What data structure should be used to count unique ip in a huge amount?

P

PerseforeComplete2021-07-17 20:42:12

Algorithms

PerseforeComplete, 2021-07-17 20:42:12

Given a file with ip addresses. ip can be repeated. The weight of the file is many times greater than the amount of RAM. We need to count the number of unique ip. A simple solution that does not take into account the scope of the task is to drive all ips into a hashtable and the number of elements in it will be the answer. The only problem is that such a hashtable will not fit into the RAM. You need to use some other data structure. What? And in general, what to read on the topic of highload tasks and algorithms?

Reply

Answer the question

In order to leave comments, you need to log in

5 answer(s)

A

Andrey Shatokhin, 2021-07-18
@PerseforeComplete

If you can afford loss of precision, take a look at hyperloglog. It is possible to reduce memory consumption many times over.
Such a structure is implemented, for example, in redis . There it will take 12 KB with an error of 0.81%.

R

Rsa97, 2021-07-17
@Rsa97

For a bit table, 256*256*256*256/8 = 512MB of memory is enough.

I

Ivan Shumov, 2021-07-17
@inoise

You don’t have to listen to me, but for the sake of laughter, this is all decided by working with the file system) For each ip, we create a file of the same name, and then we just list the directory)

W

Wataru, 2021-07-17
@wataru

As already said, it all fits perfectly into memory in a bitmap. But if it didn’t fit (for example, these are not 32-bit ip addresses, but 48-bit MAC addresses), then you would need to use some kind of external sorting and get all the addresses sorted. And then in one pass it is easy to count the unique ones.
You can sort in different ways. For example, read in chunks as much as fits in memory, sort as you like, write to disk.
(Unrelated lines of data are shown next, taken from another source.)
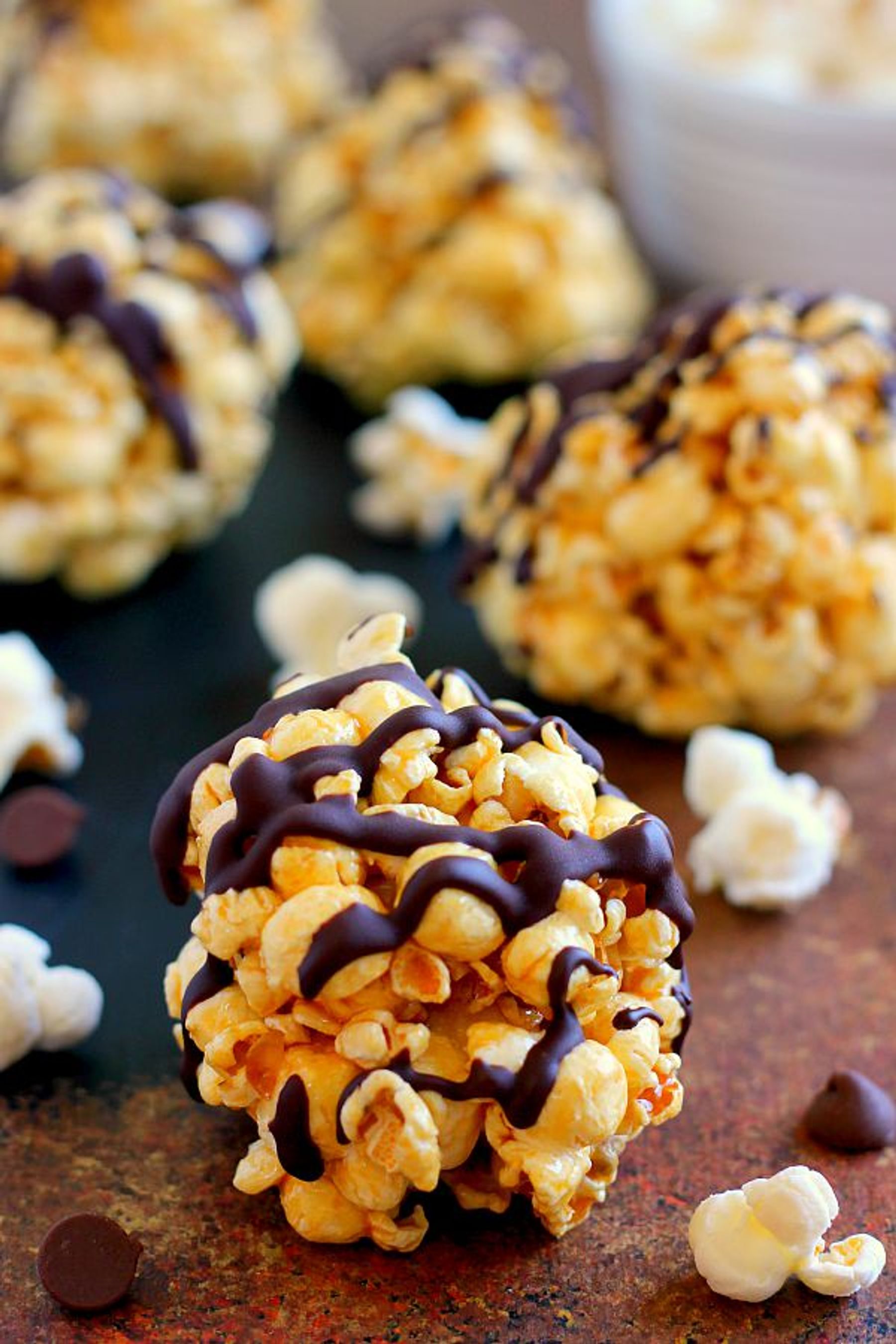These Caramel Popcorn Balls combine fresh popcorn, caramel sauce, marshmallows, and dark chocolate. This easy snack is perfect to munch on when you need to satisfy those sweet and salty cravings!
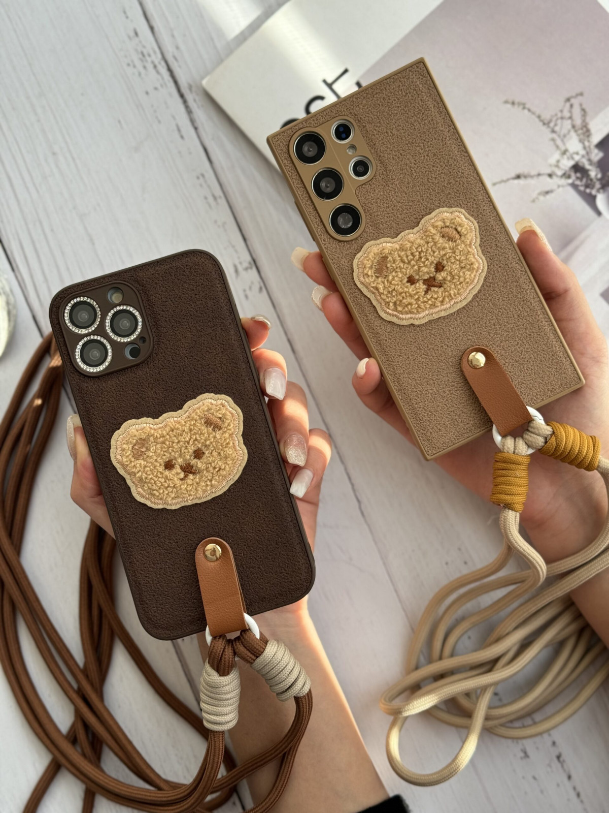 قاب موبایل ( آیفون – سامسونگ ) میکی اسکوییکی داگ آیینه ای نگین دار + بندست
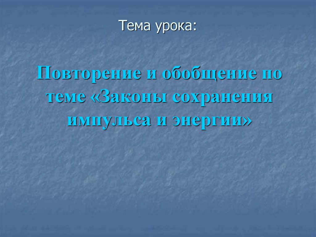 Повторение и обобщение по теме «Законы сохранения импульса и энергии»
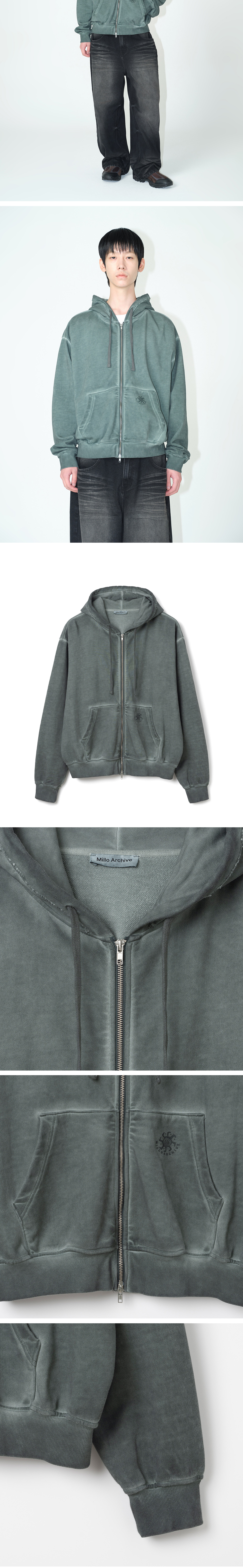 밀로 아카이브 스프레드 이지 워시드 후드 집업 페이드 그린
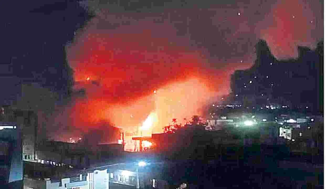 ఉవ్వెత్తున ఎగసిపడిన మంటలు, దట్టంగా కమ్ముకున్న పొగ
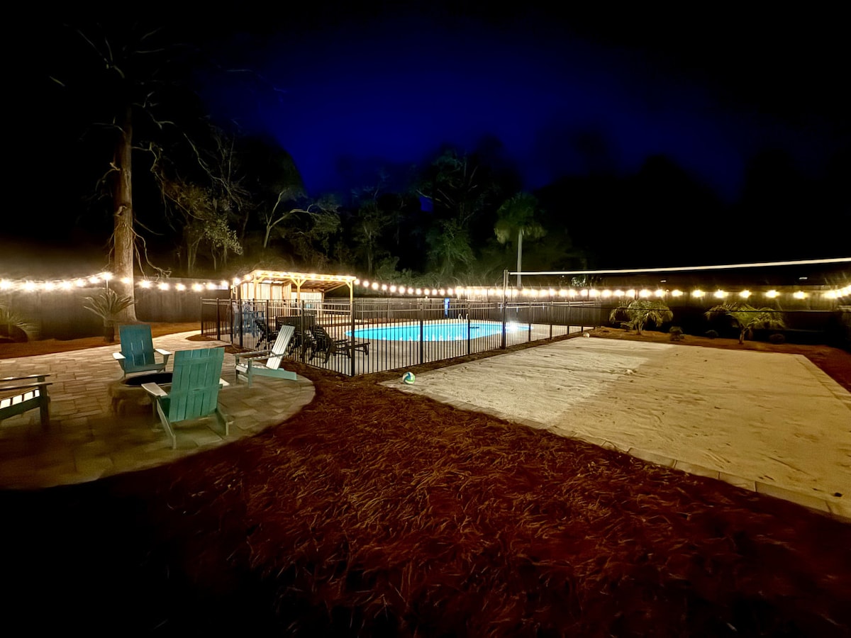 Saltwater Pool Firepit & BBQ Pet-Friendly Near 30A
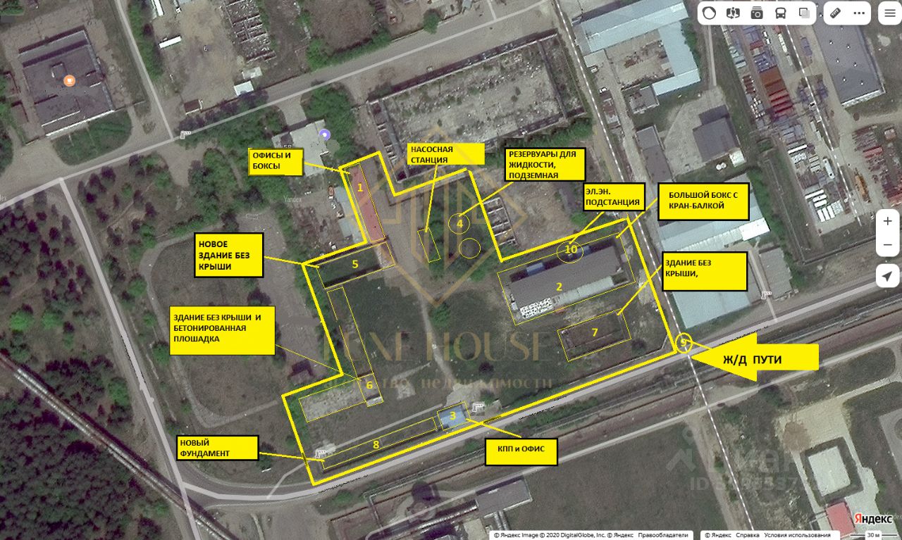 На территории производственной базы расположены следующие объекты недвижимости: 1 ) Объект 2005 (механосборочный цех ) - 1630 м2 2) Столярный цех (объект незавершенного строительства) - 624 м2 3) Здание офис-гараж с холодным пристроем - 1013 м2 4) Складское помещение с бетонированной площадкой 800 кв.м. 5) Административное здание - 91 м2. 6) Насосная с подземными резервуарами. 7) Комплектная трансформаторная подстанция КТПН-К-В-ООУ1-630/6/0,4 7750. 8) Рядом ж/д ветка

Then the resulting sorted pieces can be combined, as in merge sort.
You can also use radix sort.
If there are also restrictions on the use of disk space, and it does not fit into memory, then you can use the Bloom filter. Run it for as long as you have enough memory there. Take a lot of hash functions. Well, then in one pass, check if the read address is already in the filter. If not, add and increment the counter. But this is a probabilistic method and it may miss something due to false positive triggers of the bloom filter.

S

Saboteur, 2021-07-18
@saboteur_kiev

Given a file with ip addresses. ip can be repeated. The weight of the file is many times greater than the amount of RAM.

How many RAM?

We need to count the number of unique ip.
A simple solution that does not take into account the scope of the task is to drive all ips into a hashtable and the number of elements in it will be the answer.

There are sorting algorithms that do not need to load everything into memory. It will work for a long time, but sooner or later it will create a file where everything will be sorted. And the number of unique IPs in the sorted data is already at the school level.